[EXERCISE BRIEF]: Look through the entries below and extract exactly the lines from the one containing "Beamy four drawer" through the one containing "Arthur's Seat, visible", ends included.

[INFORMATION PROVIDED]:
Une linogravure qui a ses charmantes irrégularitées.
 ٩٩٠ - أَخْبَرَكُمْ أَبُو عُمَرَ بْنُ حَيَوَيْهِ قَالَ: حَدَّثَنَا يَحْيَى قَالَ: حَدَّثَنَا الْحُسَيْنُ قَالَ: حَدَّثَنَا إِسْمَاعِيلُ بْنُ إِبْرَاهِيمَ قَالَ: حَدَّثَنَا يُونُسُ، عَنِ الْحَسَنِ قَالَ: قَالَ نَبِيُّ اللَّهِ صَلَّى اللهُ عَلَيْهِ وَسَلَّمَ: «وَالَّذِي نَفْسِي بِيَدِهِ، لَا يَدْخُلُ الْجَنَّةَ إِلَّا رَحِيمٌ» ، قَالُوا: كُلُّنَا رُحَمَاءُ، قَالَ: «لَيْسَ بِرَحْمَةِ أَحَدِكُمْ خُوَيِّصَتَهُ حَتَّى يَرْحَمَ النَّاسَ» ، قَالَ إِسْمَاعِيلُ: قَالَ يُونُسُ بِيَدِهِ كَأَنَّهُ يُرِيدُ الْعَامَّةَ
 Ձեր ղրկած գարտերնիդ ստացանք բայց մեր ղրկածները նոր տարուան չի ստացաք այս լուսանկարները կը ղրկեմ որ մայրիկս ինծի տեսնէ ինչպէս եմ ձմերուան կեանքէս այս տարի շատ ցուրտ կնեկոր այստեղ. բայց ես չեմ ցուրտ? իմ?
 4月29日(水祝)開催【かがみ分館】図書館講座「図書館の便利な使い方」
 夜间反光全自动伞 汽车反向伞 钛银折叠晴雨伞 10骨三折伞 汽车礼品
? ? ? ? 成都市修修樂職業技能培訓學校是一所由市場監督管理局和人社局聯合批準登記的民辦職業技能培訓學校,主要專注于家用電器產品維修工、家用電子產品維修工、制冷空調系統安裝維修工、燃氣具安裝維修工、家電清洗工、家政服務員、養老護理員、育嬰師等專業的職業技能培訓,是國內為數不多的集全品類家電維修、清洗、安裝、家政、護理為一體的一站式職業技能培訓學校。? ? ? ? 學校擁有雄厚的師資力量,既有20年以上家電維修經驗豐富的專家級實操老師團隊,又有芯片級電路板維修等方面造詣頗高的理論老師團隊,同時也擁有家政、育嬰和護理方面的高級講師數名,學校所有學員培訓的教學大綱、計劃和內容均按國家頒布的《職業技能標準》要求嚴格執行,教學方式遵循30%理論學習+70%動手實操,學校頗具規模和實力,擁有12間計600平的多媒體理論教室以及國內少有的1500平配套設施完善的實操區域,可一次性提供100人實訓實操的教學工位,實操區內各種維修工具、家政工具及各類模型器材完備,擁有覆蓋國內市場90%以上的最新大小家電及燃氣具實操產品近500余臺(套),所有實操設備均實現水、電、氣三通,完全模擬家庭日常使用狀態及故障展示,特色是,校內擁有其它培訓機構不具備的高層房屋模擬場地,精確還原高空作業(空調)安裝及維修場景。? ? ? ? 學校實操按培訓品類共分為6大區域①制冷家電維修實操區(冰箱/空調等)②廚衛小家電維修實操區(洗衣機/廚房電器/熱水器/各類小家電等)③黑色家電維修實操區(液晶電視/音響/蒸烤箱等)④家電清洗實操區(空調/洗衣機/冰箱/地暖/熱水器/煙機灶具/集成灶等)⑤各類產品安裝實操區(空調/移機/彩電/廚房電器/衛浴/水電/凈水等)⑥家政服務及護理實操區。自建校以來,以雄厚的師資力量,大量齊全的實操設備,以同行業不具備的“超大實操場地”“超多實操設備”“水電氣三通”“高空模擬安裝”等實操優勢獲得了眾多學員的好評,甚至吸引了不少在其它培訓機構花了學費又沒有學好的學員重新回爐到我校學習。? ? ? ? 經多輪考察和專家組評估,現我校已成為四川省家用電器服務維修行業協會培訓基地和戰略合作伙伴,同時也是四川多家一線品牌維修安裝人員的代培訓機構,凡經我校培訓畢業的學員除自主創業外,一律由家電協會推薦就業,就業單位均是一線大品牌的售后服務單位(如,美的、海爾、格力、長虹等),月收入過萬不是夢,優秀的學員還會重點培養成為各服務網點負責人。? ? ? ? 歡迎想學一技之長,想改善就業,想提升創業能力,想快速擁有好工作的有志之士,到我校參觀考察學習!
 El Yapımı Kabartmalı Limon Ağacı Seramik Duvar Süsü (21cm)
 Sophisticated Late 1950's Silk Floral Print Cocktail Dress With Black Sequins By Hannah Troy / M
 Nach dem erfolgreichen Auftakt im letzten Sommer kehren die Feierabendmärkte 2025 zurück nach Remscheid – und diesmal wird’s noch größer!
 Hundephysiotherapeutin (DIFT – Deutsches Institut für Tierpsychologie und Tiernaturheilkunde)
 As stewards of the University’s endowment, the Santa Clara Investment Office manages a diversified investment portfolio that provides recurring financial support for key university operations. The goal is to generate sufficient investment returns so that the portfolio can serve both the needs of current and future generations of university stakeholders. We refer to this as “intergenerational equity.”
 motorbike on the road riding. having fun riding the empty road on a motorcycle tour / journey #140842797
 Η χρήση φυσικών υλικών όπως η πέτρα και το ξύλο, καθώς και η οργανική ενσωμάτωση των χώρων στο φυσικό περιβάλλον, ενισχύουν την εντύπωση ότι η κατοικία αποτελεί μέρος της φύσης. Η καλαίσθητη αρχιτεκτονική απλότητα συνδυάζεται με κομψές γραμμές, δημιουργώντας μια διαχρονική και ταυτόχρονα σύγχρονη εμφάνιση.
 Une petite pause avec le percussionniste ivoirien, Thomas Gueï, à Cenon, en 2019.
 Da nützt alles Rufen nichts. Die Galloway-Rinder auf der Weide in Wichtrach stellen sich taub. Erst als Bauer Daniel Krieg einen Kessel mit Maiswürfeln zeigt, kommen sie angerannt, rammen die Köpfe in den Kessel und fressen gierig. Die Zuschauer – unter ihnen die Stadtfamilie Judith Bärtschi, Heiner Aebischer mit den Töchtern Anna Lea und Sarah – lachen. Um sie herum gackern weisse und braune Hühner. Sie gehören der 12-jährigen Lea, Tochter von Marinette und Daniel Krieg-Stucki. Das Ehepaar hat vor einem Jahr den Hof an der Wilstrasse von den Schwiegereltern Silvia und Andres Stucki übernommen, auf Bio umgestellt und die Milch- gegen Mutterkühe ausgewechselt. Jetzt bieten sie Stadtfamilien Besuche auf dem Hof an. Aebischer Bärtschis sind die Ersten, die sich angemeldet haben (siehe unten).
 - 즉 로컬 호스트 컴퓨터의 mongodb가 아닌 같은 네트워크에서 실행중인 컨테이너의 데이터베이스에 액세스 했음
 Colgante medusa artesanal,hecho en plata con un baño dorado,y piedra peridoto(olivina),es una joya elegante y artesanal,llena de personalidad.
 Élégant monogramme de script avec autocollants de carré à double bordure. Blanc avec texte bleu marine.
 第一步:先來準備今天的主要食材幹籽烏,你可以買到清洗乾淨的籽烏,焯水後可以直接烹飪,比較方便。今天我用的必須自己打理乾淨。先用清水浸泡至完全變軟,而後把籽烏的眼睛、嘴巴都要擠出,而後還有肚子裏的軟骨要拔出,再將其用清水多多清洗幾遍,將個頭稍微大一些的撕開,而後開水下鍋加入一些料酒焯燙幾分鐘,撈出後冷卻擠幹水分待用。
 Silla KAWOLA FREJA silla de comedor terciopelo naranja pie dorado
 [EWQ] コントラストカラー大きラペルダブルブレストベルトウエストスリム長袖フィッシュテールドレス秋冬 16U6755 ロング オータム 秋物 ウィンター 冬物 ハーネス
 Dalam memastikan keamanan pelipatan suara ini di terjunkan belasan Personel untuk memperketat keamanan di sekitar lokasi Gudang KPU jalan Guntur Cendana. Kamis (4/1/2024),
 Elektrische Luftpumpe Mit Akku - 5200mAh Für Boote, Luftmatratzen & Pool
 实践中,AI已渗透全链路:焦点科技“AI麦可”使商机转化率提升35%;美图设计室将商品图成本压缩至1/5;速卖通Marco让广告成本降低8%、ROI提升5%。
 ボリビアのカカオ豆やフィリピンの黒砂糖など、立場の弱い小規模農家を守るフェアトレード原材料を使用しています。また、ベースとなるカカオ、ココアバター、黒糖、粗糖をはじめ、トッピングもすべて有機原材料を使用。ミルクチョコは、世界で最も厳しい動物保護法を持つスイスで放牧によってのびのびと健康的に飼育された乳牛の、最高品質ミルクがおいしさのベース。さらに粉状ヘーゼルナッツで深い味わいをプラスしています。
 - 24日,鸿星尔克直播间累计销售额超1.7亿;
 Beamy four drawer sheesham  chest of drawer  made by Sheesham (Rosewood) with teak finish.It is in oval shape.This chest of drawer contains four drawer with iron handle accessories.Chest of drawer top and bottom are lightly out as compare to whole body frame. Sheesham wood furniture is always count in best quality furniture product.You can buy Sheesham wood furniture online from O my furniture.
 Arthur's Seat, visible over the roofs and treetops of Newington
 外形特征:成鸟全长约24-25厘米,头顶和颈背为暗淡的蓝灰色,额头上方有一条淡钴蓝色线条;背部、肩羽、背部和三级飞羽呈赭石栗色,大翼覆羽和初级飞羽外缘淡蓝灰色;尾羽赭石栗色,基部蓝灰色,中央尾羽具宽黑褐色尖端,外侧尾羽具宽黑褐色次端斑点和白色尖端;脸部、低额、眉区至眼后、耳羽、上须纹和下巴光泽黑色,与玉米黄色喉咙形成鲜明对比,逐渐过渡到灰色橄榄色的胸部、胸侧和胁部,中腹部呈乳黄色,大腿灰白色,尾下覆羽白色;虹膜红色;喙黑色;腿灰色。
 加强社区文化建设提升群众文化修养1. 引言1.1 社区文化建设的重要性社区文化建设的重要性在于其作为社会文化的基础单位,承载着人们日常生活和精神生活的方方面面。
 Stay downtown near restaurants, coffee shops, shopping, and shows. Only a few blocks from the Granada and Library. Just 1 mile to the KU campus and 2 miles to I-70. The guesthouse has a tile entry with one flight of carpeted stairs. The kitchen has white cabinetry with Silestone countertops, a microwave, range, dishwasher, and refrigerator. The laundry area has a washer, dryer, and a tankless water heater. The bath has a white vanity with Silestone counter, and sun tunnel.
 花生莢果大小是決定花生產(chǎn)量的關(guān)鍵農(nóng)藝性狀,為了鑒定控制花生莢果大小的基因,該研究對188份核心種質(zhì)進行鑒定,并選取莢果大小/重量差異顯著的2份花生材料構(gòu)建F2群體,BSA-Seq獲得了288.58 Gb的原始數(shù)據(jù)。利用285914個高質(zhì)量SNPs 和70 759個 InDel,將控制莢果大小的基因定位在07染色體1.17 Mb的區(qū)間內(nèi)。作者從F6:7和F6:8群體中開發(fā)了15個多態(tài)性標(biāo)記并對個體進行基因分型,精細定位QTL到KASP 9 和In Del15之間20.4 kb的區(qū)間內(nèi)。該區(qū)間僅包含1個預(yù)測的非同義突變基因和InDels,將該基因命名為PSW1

[SOLUTION FOR THIS TASK]:
 Beamy four drawer sheesham  chest of drawer  made by Sheesham (Rosewood) with teak finish.It is in oval shape.This chest of drawer contains four drawer with iron handle accessories.Chest of drawer top and bottom are lightly out as compare to whole body frame. Sheesham wood furniture is always count in best quality furniture product.You can buy Sheesham wood furniture online from O my furniture.
 Arthur's Seat, visible over the roofs and treetops of Newington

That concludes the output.